Подарок старой повитухи
Ирина Елисеева
Подарок старой повитухи
А прошлое кажется сном…
вместо пролога
Эту смешную девчонку зовут Лида. Помню, она осталась тогда в классе доделывать работу. С ней осталась её подружка, молчаливый ангел с косичками. Они разговаривали вполголоса. Вернее, говорила Лида. Ангел молчал. Её голос по ходу рассказа был то тихим, то громким, то монотонным, то эмоциональным. Я невольно прислушалась, готовясь к завтрашнему утреннему уроку. Разговор всё больше впечатлял меня, и незаметно для себя я закрепила на мольберте чистый лист бумаги, взяла уголь и начала рисовать, украдкой поглядывая на девчонок…

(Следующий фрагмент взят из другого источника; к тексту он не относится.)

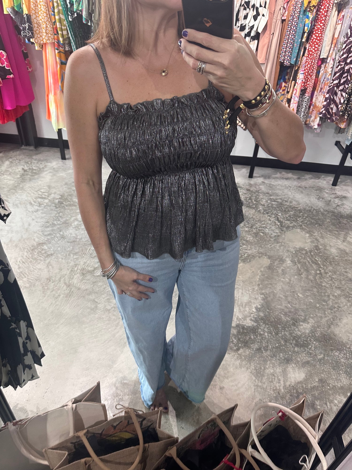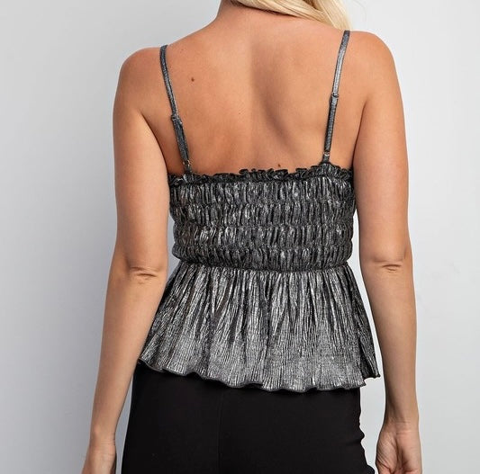 Indulge in luxury with our Silver Smocked Lurex Top! The spaghetti strap design is both stylish and comfortable. The smocked texture adds a touch of elegance while the Lurex material brings a subtle shimmer. Made of 95% polyester and 5% spandex for a perfect fit. Feel glamorous in Silver!

Лида рассказывала об одноклассниках из обычной школы. Юные сплетницы где-то переходили на шепот, смеялись. Лида, не выпуская из рук карандаш, время от времени дирижировала им по ходу повествования:
– Ольга все время врет. Прикинь? То у нее с Витькой Филимоновым, то у нее с Тёмой Зайцевым… Про Филимонова молчу, но уж про Зайцева не надо! Оля и Зайцев?!! Не смешите меня…
А у Ксюхи с этим, как его, помнишь, черн…я-я-я-виньким, ну, может, да, чё-то было. Иначе, зачем бы он ей тогда в рюкзак с учебниками напихал этих тюльпанов? А когда она все повыкидывала прямо в коридоре, техничка ее чуть шваброй не убила. Вот ржачки было! Ага? Мы еще прикалывались, что это он у папани на рынке тиснул букетик. Любовь!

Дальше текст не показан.